Here, buffer provides storage. std.fmt.bufPrint writes formatted text into that storage and returns a slice containing the initialized text.

This pattern is common in Zig: caller provides memory, function writes into it.

A complete example

const std = @import("std");

pub fn main() void {
    const language = "Zig";
    const description = "systems programming";

    std.debug.print("Language: {s}\n", .{language});
    std.debug.print("Length in bytes: {}\n", .{language.len});

    const first = language[0];
    std.debug.print("First byte: {}\n", .{first});
    std.debug.print("First character: {c}\n", .{first});

    const short = description[0..7];
    std.debug.print("Short description: {s}\n", .{short});

    if (std.mem.eql(u8, language, "Zig")) {
        std.debug.print("The language is Zig.\n", .{});
    }
}

Output:

Language: Zig
Length in bytes: 3
First byte: 90
First character: Z
Short description: systems
The language is Zig.

This example shows the central facts: strings are byte sequences, .len counts bytes, indexing gets bytes, slicing gets byte ranges, and string comparison uses a memory comparison function.

The Main Idea

In Zig, strings are not magical objects.
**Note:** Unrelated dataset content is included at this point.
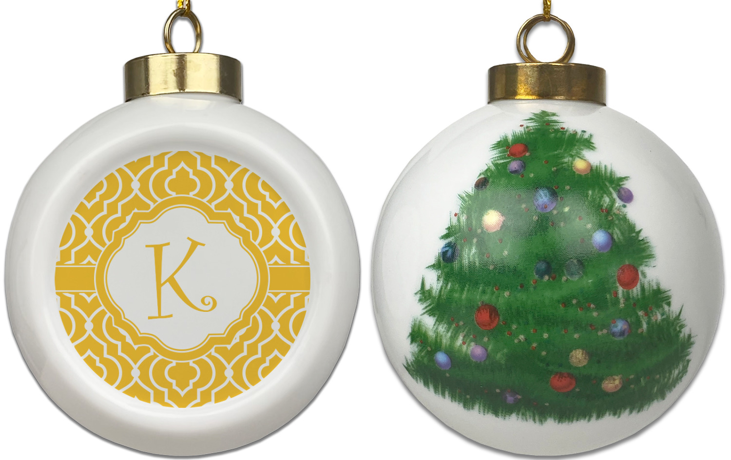 Our Christmas ornaments are a unique ceramic ball shape with a twist as it has a flat face to display your custom design! Select from one of our two design types - Christmas Tree or Poinsettia Garland - to adorn the curved back of your personal design. Each ornament measures 3H x 2.5W x 2D accompanied with a gold string accent for finishing touches to hang on your beautiful Christmas tree!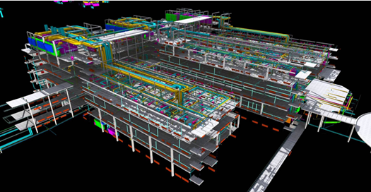 BIM技术可视性、仿真性、优化性、协同性等特点,基于高精度激光点云数据精确搭建对象外部及内部BIM模型,可为建筑工程改造设计和施工信息管理提供依据。

They are byte sequences, usually encoded as UTF-8.

That design gives you control. You can inspect bytes, slice text, pass strings to C, store raw data, and avoid hidden allocation. The tradeoff is that you must remember the difference between bytes and human characters.

For beginner Zig code, use string literals for fixed text, {s} for printing, .len for byte length, slicing for substrings, and std.mem.eql(u8, a, b) for string comparison.